Seattle Public Utilities

AI for identifying coding inaccuracies of pipeline inspections

Uncovering operator training opportunities to increase efficiency.

Challenge

Seattle Public Utilities CCTV Operators have inconsistencies with their PACP (Pipeline Assessment Certification Program) coding practices. PACP coding inaccuracies can significantly affect the decision-making process for pipeline maintenance and rehabilitation. These inaccuracies have the potential to lead to costly repairs, missed critical interventions, or unnecessary maintenance.

Solution

Utilizing Azure AI, Kopius developed an AI system to compare PACP codes generated by operators during CCTV inspection of pipes with those produced by SPU’s benchmark system.

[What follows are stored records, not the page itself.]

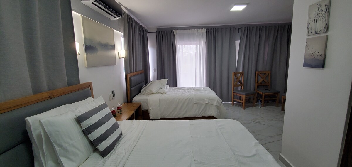 We offer a comfort, cleanliness, and safe experience, not just a home. It's within walking distance to Hard Rock Café Santo Domingo and Blue Mall (Cartier, Ferragamo, Carolina Herrera, Louis Vuitton, MontBlank etc.), Typical bars and Restaurants... In our Lobby you can find RECOMMENDATIONS for places to visit and activities of all kinds: colonial area, maps, bicycle area, tourist train, chocolate museum, shopping guide, etc. Only 35 minutes from SDQ airport. We recommend reliable transportation to/from SDQ with reservation. Just 5 minutes from the Mall. 15 minutes to Colonial Zone. Easy access and check-in. Attention to detail. Concierge available to assist you. Equipped with King bed, BlackOut curtains, KITCHEN, Air conditioning, Smart TV, Free Netflix, Wifi, Rooms, Desks, Alternative Electricity, Hot Water, Bathrooms with Shower and Jacuzzi. And, best of all, there's complimentary breakfast included, every day from 8:00 a.m. to 10:00 a.m., which will make you feel at home! A permanent coffee and water station. Common areas include: Reception, Rooms, Dining Terrace, Permanent Coffee and Water Station, Visiting Bathroom, Parking. Our guests say: "This is an amazing, very clean and comfortable place. We recommend it 100% for anyone looking for a great place to be close to everything" (Gisell, May 2018). "Too much for just one heart," said Aileen and her husband, guests who visited us in April 2018. Spacious, comfortable and fully equipped room for Guests. Super comfortable king-size bed, designed for the well-being of its occupants. Internal bathroom with jacuzzi and shower. White linens and towels. We offer a permanent coffee and water station, all day. Also breakfast of rolls, cereals, cheese, milk, biscuits, muffins, cookies, toast, fruits or yogurt and juice. Included in price. Common areas: Reception, Room, Dining Terrace, Permanent Coffee and Water Station, Visiting Bathroom, Parking. We're here to help you 24/7 Centric, Tranquil and Quiet. Walking distance to various Supermarkets, Pharmacy, Restaurants, Bars, Commercial Square, Gym, Veterinary, Stationery, Beauty Salon. Close to Metro Routes and Public Transportation. Easily accessible by car. Uber available and you can walk anywhere. Great view and climate.
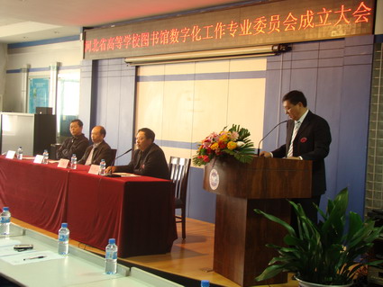 会议由杜凤山馆长主持。河北省高等学校图书情报工作委员会副主任兼秘书长杨华致开幕词,他指出:河北省高等学校图书馆数字化工作专业委员会的成立是河北省高校图书馆界的一大喜事,标志着我省高校图书馆数字化建设已经走上了有组织,有计划,有目的的发展建设阶段。
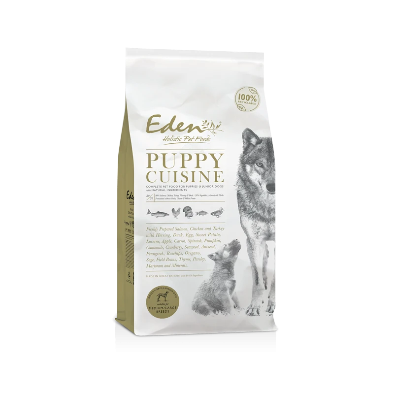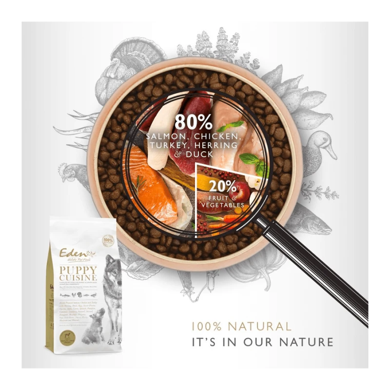 Puppy Cuisine combine des ingrédients entièrement naturels (la marque de fabrique Eden) et une teneur élevée en viande de haute qualité.
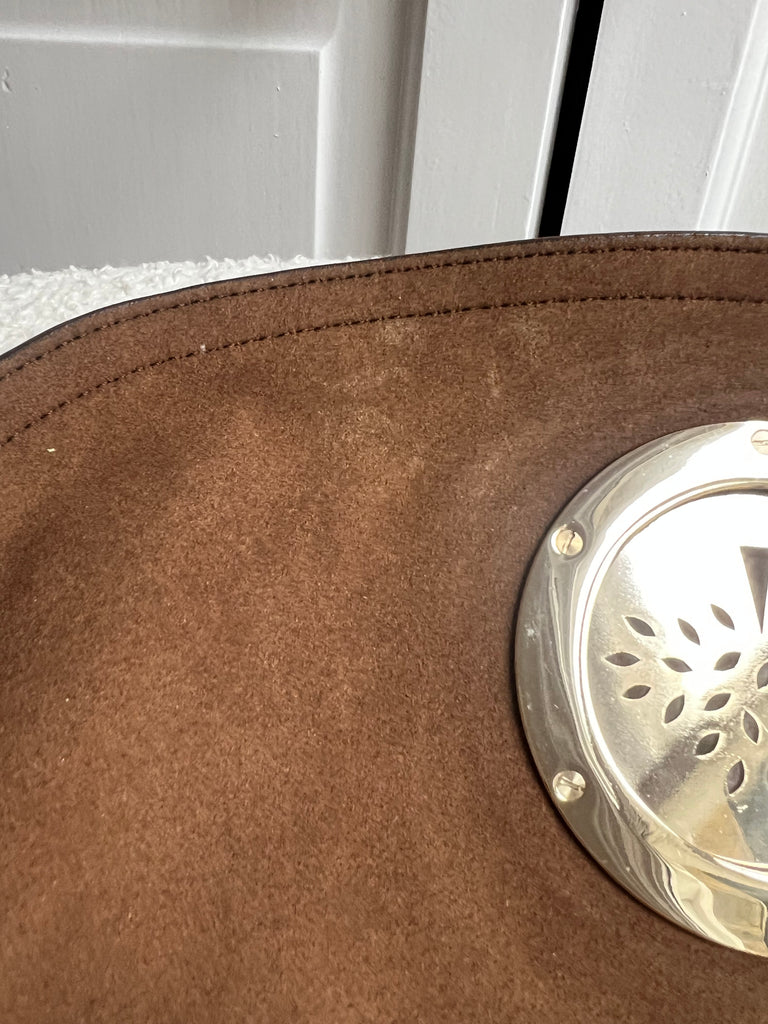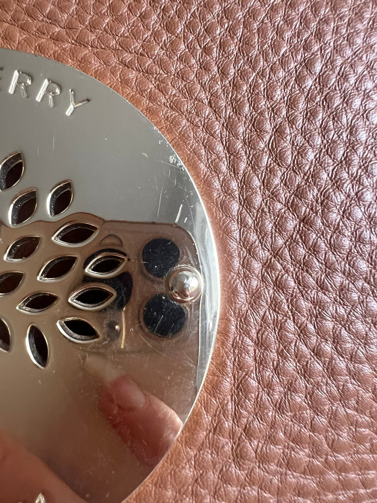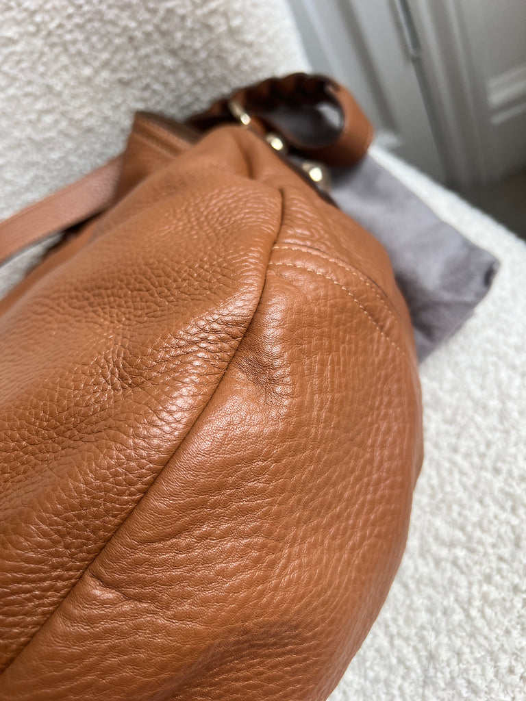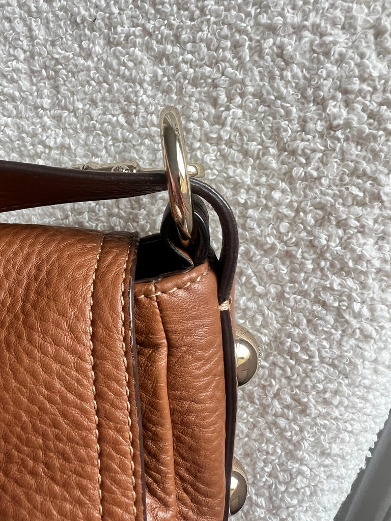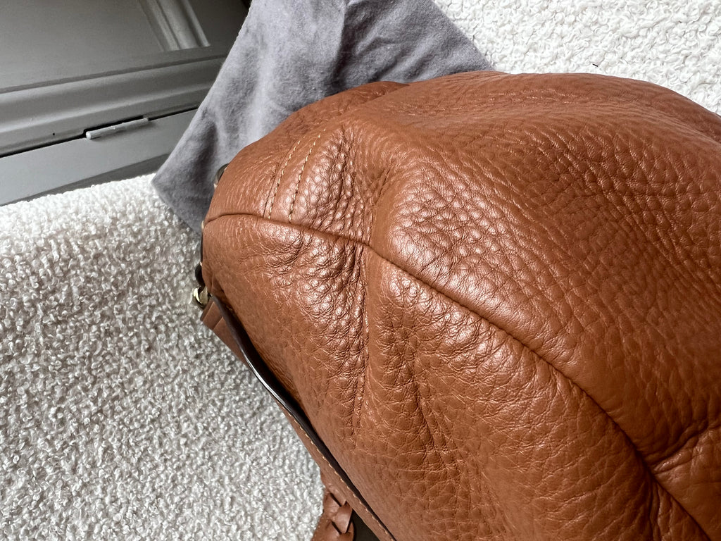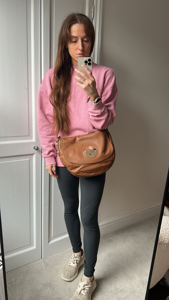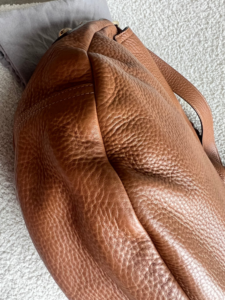 Mulberry Daria Satchel in Oak Spongy Pebbled Leather with gold hardware. This medium sized satchel has a slouchy shape and is stunning in the thick, soft, spongy pebbled leather. Featuring the mulberry round plaque, flap and magnetic closure - the part braided strap can be worn doubled up or single and longer. This style is now discontinued at Mulberry. Ideal for day to day or work use. Can be carried in over shoulder or cross body.

To visualize the difference between operator performance and benchmark standards, Kopius produced a Power BI dashboard that highlights the discrepancies to help operators and leadership alike understand where training intervention can make the biggest impact.

To improve training, Kopius developed an Azure AI Agent on top of the digital benchmark system manual that allows users to ask questions and rapidly receive relevant responses to enhance PACP coding education.

Results

After a successful Phase 1 of the project, Kopius is engaging in a Phase 2 that transforms the initial AI comparison model into a fully integrated QA/QC ecosystem with additional interactive dashboards and a human-in-the-loop feedback loop between staff and the AI model.